Look through the data below for the line with "DAB: Duschek - Erdélyi, Mestyán, Becze" and the line with "HAKEEM ABAD | |||", then transcribe exactly from the first through the second, leaving out all pictures.

***** Data for this task *****

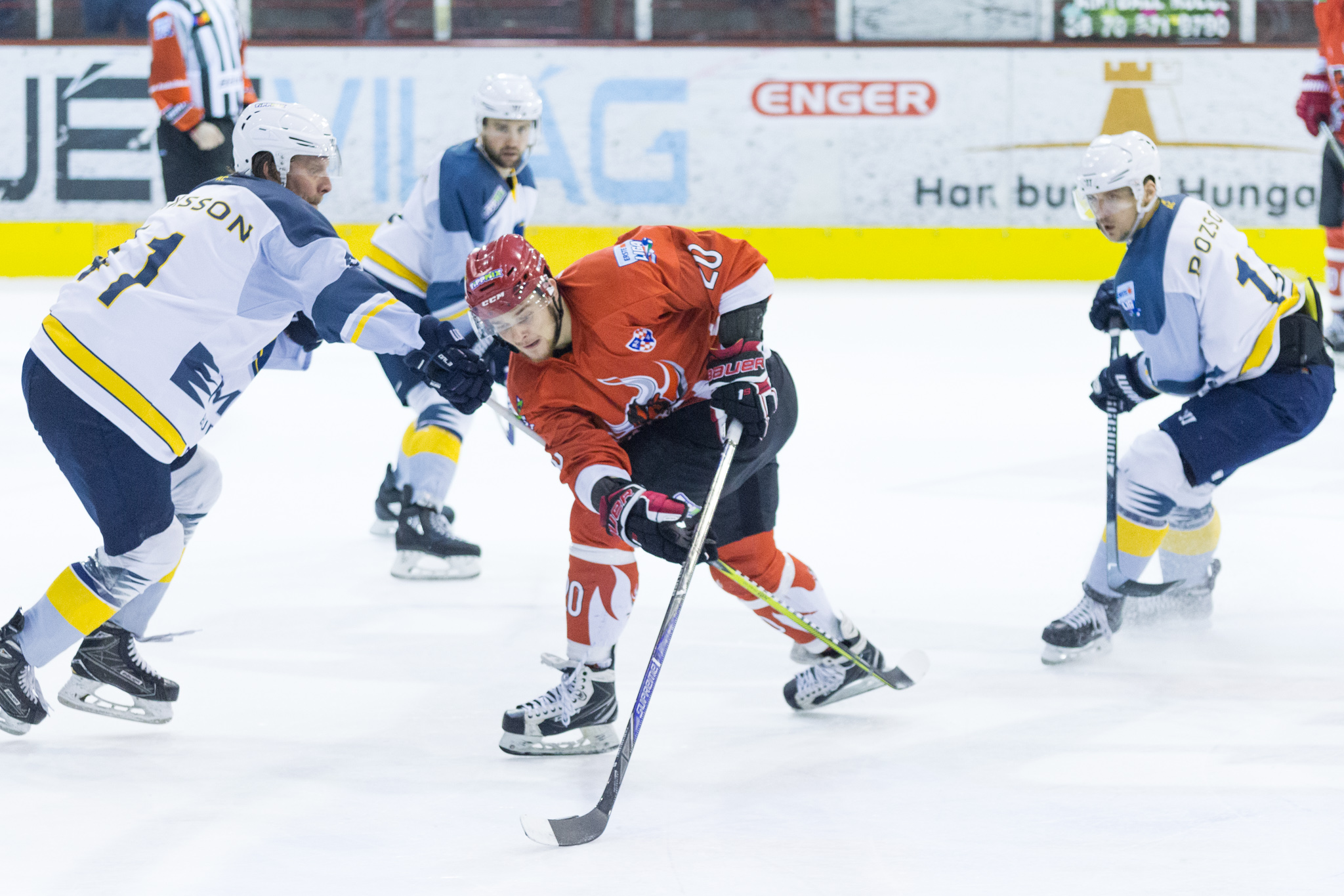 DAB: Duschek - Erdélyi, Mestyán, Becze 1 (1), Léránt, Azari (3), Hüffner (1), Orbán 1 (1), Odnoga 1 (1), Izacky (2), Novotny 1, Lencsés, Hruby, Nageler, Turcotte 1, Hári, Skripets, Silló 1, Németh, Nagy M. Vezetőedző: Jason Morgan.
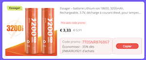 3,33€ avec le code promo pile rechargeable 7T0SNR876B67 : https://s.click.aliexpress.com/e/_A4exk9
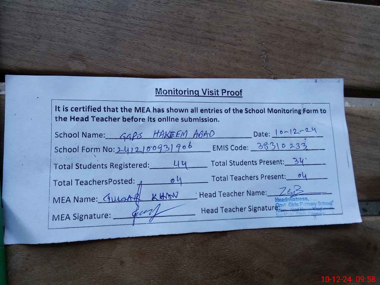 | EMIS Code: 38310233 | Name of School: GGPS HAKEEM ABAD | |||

*****
***** Data for this task *****

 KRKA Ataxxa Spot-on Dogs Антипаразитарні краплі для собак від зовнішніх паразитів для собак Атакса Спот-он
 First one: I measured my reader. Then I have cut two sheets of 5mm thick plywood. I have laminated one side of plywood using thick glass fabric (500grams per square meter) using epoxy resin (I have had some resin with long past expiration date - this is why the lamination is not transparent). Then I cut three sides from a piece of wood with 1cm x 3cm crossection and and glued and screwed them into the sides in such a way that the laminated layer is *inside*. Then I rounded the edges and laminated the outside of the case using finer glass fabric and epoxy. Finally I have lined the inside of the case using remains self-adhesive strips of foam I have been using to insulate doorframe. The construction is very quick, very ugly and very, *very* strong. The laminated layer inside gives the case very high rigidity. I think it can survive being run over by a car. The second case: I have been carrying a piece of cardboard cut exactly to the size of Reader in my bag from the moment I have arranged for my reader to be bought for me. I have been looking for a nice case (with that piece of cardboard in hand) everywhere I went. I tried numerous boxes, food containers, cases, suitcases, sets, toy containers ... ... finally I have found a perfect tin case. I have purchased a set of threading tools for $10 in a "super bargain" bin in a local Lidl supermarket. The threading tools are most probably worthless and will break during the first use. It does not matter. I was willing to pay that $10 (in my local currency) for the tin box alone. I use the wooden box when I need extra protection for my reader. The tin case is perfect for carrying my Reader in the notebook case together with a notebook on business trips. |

*****

• Answer box:
 DAB: Duschek - Erdélyi, Mestyán, Becze 1 (1), Léránt, Azari (3), Hüffner (1), Orbán 1 (1), Odnoga 1 (1), Izacky (2), Novotny 1, Lencsés, Hruby, Nageler, Turcotte 1, Hári, Skripets, Silló 1, Németh, Nagy M. Vezetőedző: Jason Morgan.
 3,33€ avec le code promo pile rechargeable 7T0SNR876B67 : https://s.click.aliexpress.com/e/_A4exk9
 | EMIS Code: 38310233 | Name of School: GGPS HAKEEM ABAD | |||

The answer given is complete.